XVII
Одна черта в поведении капитана Заупокоя вызывала особое изумление. Как ни чувствителен он был к шуму, свету, вони и суете, не было случая, чтобы он пропустил встречное судно, не окликнув его и не побывав на нем с визитом. Это было бы странностью даже для совершенно здорового китобойного капитана. Конечно, принято общаться со своими собратьями — охотниками за левиафаном, обмениваться почтой и сведениями о местонахождении дичи, но никто не будет останавливаться ради каждого встречного и поперечного. Какой вопрос он там выяснял, я не знал, как не знал и того, почему, отправляясь с этими визитами, всякий раз он берет с собой пустую сумку, а когда возвращается, она у него чем-то набита (на что первым обратил мое внимание Билли Мур); но не было сомнения, что, посещая канонерки, купеческие шхуны и прочая, уходя на вельботе с командой чернокожих гребцов и с Иеремией на корме — как всегда подле своего понурого, согнутого болезнью капитана, — он, капитан Заупокой, имел на то свои, самые серьезные основания.
Визиты эти, по-моему, ничуть не меньше, если не больше, значили и для слепого Иеремии. С той самой минуты, как незнакомое судно появлялось на горизонте, задолго до того, как кто-нибудь успевал оповестить его об этом, в поведении старика появлялись какие-то нервические странности. На него можно было наткнуться где-нибудь в самом дальнем углу — он стоял и бормотал что-то себе под нос с самозабвенной улыбкой на лице, словно вступил в непосредственное общение со святым духом. А когда подходил срок спускать вельбот, чтобы плыть и взойти на борт незнакомца, любая оплошность, любое нарушение протокола — и Иеремия, в обычное время сама кротость, тут вдруг впадал в неистовство и готов был пинать всех, кто подвернется. Он был похож на актера-трагика, который перед выходом на залитую прожекторами сцену в последний раз подтягивает перчатка и дергает носом, чтобы поправить усы.
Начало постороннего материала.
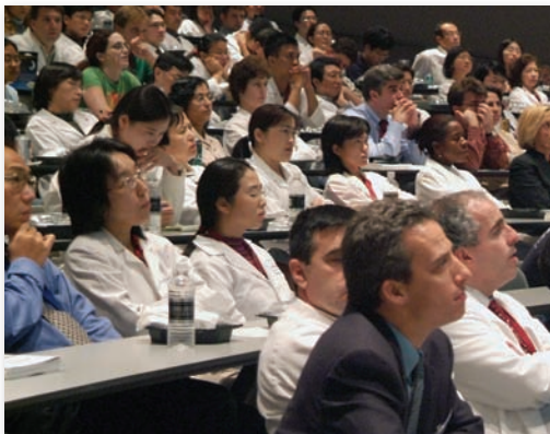
M. D. Anderson Grand Rounds

Но, ступив на палубу незнакомца (я сам видел, я следил за ними в бинокль из вороньего гнезда), они как бы менялись ролями, и теперь уже капитан, а не Иеремия походил на актера, жестикулировал и что-то говорил, почти и не опираясь на слепого.
Для Августы эти встречи и поездки тоже имели какое-то важное значение. Почему-то они внушали ей страх. Все время, пока капитан с Иеремией отсутствовали, она без умолку болтала вздор, стараясь отвлечься, но вдруг на полуслове вздрагивала и заламывала бледные руки.
— Ах, Джонатан, Джонатан, — сказала она мне как-то, — ну что они там делают? Почему так долго? — Она держала меня за руку, ее била лихорадочная дрожь. (Дела между нами зашли уже достаточно далеко.)
— Да просто проводят время в свое удовольствие, — ответил я со смехом, чтобы ее успокоить.
— Это преступление! Для человека в таком состоянии, как отец… Ах, если бы мне быть птичкой, я бы полетела туда и подсмотрела!
Я опять засмеялся и стал целовать кончики ее пальцев, хотя сам в глубине души чувствовал, что чего-то здесь недопонимаю. Слишком все как-то эффектно получалось. И этот самоотверженный порыв, и платочек, который она сжимает тремя пальцами той руки, что лежит у меня на ладони. Уголком левого глаза, который у меня косит, я видел, что она смотрит в зеркало, внимательно, как театральный критик, следя за нашей сценой.
— Августа, — позвал я ее. И, не сдержав удивления, воскликнул: — Да ты же рада-радешенька!
Она прижала руки к сердцу, и слезы хлынули потоком.
— Джонатан, ну как ты мог?
В этот миг у меня возникло безотчетное убеждение, что я давно уже знаю об Августе нечто такое, некую ужасную истину, которую призваны скрывать от меня и эта ее бледность, и дрожь, и немощь. Но, встретив ее взгляд, я тут же поверил, что все это мне помстилось, и прогнал от себя такие мысли.
— Не сердись, — сказал я. — Страх и радостное возбуждение проявляются сходно, вот я и обманулся. Прости.
Я поцеловал ее в щеку. И через некоторое время был прощен.
Но вечером, когда я лежал у себя на койке, окруженный тьмой и безмолвием, если не считать храпа моих спящих товарищей матросов, то же чувство вновь посетило меня, и я похолодел с головы до ног. Я никак не мог в нем разобраться. В нем присутствовал страх, это было ясно, но откуда он, непонятно, уж конечно, не от этого прелестного матового лица, не от этих сияющих глаз. Однако страх все возрастал, словно в кошмарном сне, когда тебе со всех сторон угрожает опасность, замаскированная, неумолимая.